## What needs to be done:
Starting at the line that contains "В новой квартире улицы Чонви.", return every line through the end of the data exactly, without pictures.

=== Data section ===

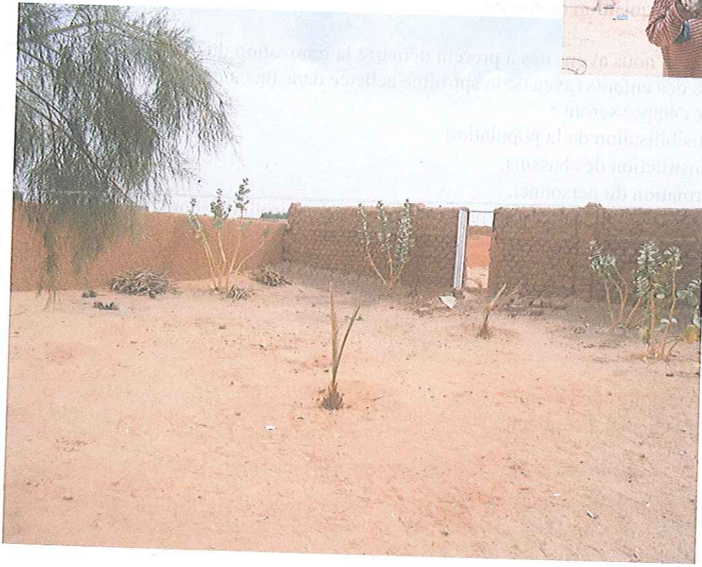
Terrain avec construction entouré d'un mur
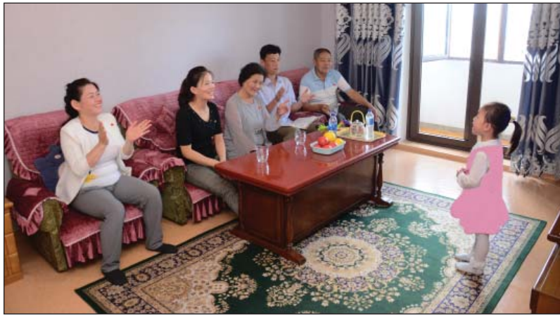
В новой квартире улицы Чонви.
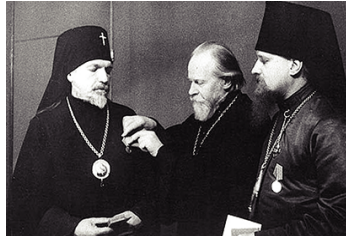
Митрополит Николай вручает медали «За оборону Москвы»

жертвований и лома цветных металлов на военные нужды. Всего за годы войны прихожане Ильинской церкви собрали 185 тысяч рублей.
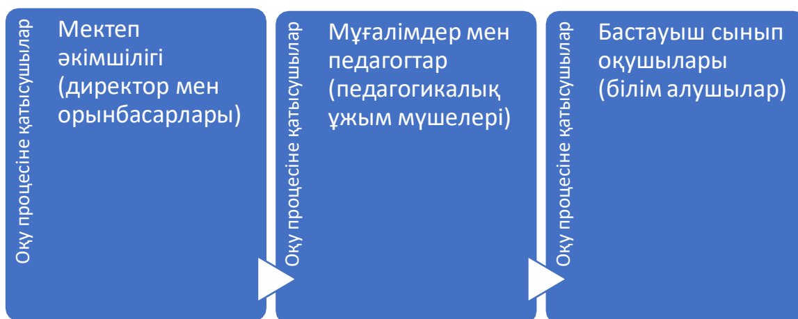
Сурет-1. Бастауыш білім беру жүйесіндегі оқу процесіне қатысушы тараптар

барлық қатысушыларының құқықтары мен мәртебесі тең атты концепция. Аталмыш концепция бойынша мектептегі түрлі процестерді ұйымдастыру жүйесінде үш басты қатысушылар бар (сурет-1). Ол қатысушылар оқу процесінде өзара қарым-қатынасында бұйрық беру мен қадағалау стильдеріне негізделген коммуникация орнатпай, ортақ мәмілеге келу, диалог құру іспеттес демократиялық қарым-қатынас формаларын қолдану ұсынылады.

===

## Result of the exercise:
В новой квартире улицы Чонви.
Митрополит Николай вручает медали «За оборону Москвы»

жертвований и лома цветных металлов на военные нужды. Всего за годы войны прихожане Ильинской церкви собрали 185 тысяч рублей.
Сурет-1. Бастауыш білім беру жүйесіндегі оқу процесіне қатысушы тараптар

барлық қатысушыларының құқықтары мен мәртебесі тең атты концепция. Аталмыш концепция бойынша мектептегі түрлі процестерді ұйымдастыру жүйесінде үш басты қатысушылар бар (сурет-1). Ол қатысушылар оқу процесінде өзара қарым-қатынасында бұйрық беру мен қадағалау стильдеріне негізделген коммуникация орнатпай, ортақ мәмілеге келу, диалог құру іспеттес демократиялық қарым-қатынас формаларын қолдану ұсынылады.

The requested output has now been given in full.